● **Instructions for the task**
Reproduce exactly the lines from the one containing "Apartamento de 2" through the last line of the records below, both included. Leave out any pictures.

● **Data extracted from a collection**
• • •
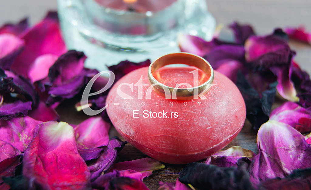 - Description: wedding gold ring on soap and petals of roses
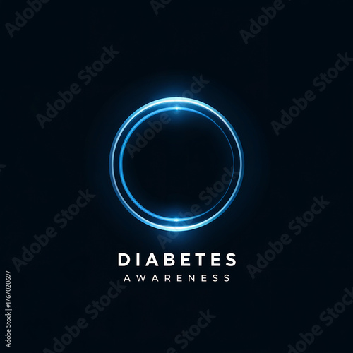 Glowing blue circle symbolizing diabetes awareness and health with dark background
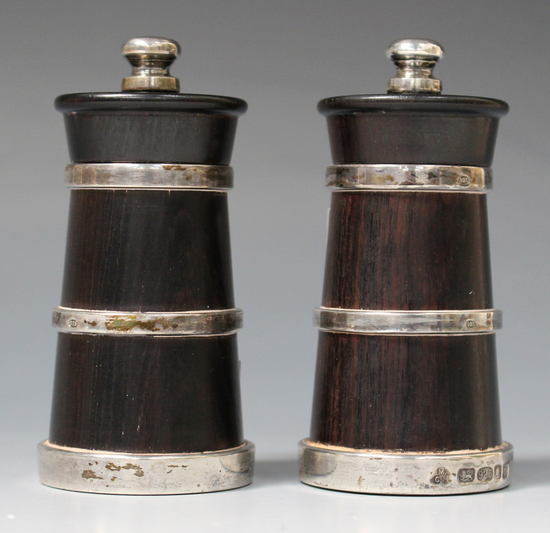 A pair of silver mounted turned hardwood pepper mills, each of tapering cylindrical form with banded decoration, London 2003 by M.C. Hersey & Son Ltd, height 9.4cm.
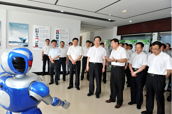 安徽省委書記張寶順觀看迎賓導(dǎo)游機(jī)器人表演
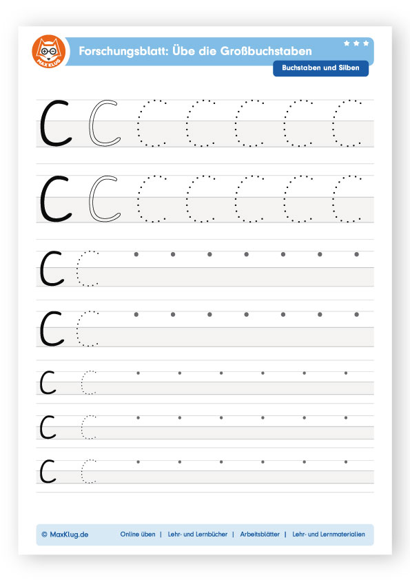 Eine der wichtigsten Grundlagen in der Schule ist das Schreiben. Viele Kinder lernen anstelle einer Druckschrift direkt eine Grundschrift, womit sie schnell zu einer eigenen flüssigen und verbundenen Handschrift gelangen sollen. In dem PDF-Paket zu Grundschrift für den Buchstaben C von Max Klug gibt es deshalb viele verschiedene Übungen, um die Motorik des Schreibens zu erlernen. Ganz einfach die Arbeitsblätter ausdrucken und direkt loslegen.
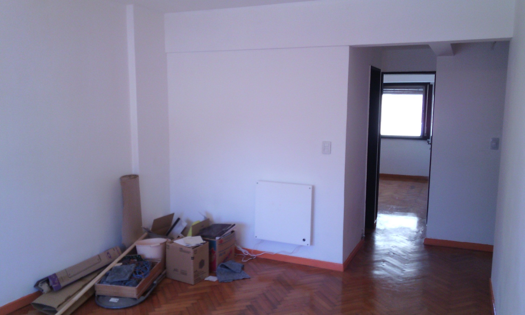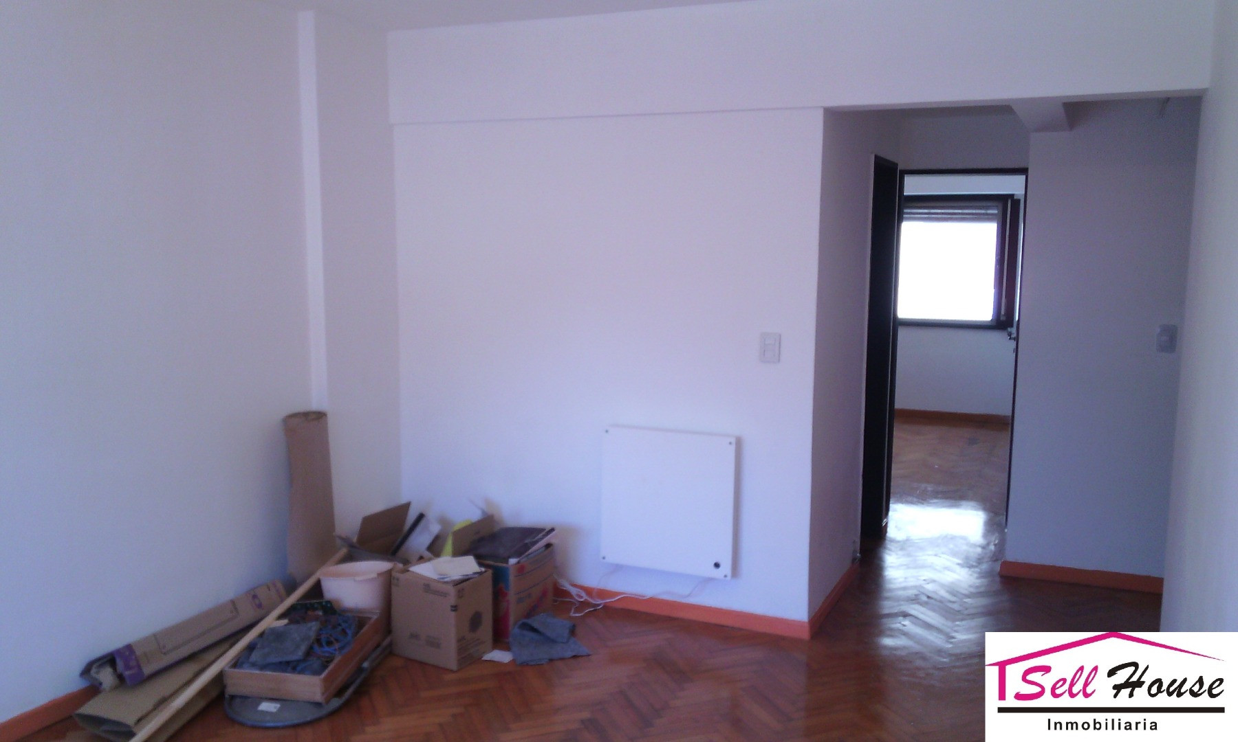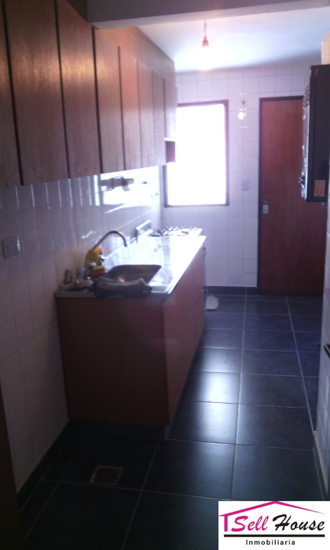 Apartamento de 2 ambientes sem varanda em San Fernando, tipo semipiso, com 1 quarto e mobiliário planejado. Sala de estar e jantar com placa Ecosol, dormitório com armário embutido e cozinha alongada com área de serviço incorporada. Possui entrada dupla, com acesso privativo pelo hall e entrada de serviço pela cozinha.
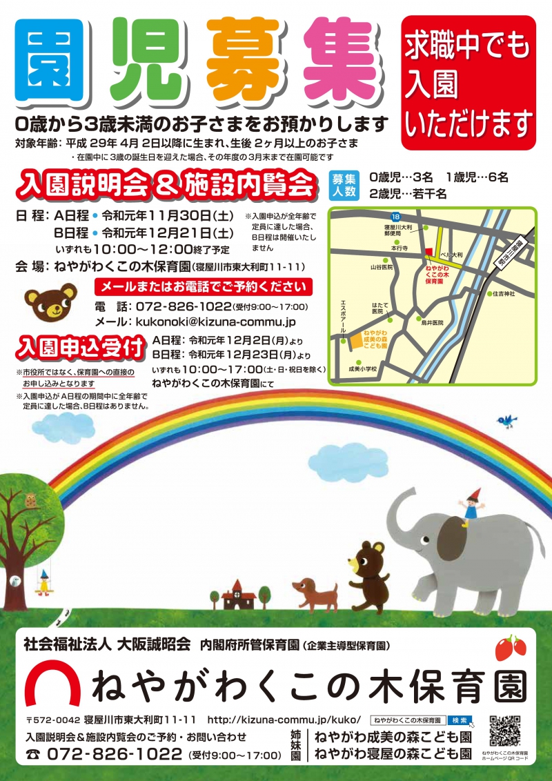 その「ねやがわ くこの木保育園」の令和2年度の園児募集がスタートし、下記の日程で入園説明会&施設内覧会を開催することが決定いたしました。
• • •
● **Solution to the exercise**
 Apartamento de 2 ambientes sem varanda em San Fernando, tipo semipiso, com 1 quarto e mobiliário planejado. Sala de estar e jantar com placa Ecosol, dormitório com armário embutido e cozinha alongada com área de serviço incorporada. Possui entrada dupla, com acesso privativo pelo hall e entrada de serviço pela cozinha.
 その「ねやがわ くこの木保育園」の令和2年度の園児募集がスタートし、下記の日程で入園説明会&施設内覧会を開催することが決定いたしました。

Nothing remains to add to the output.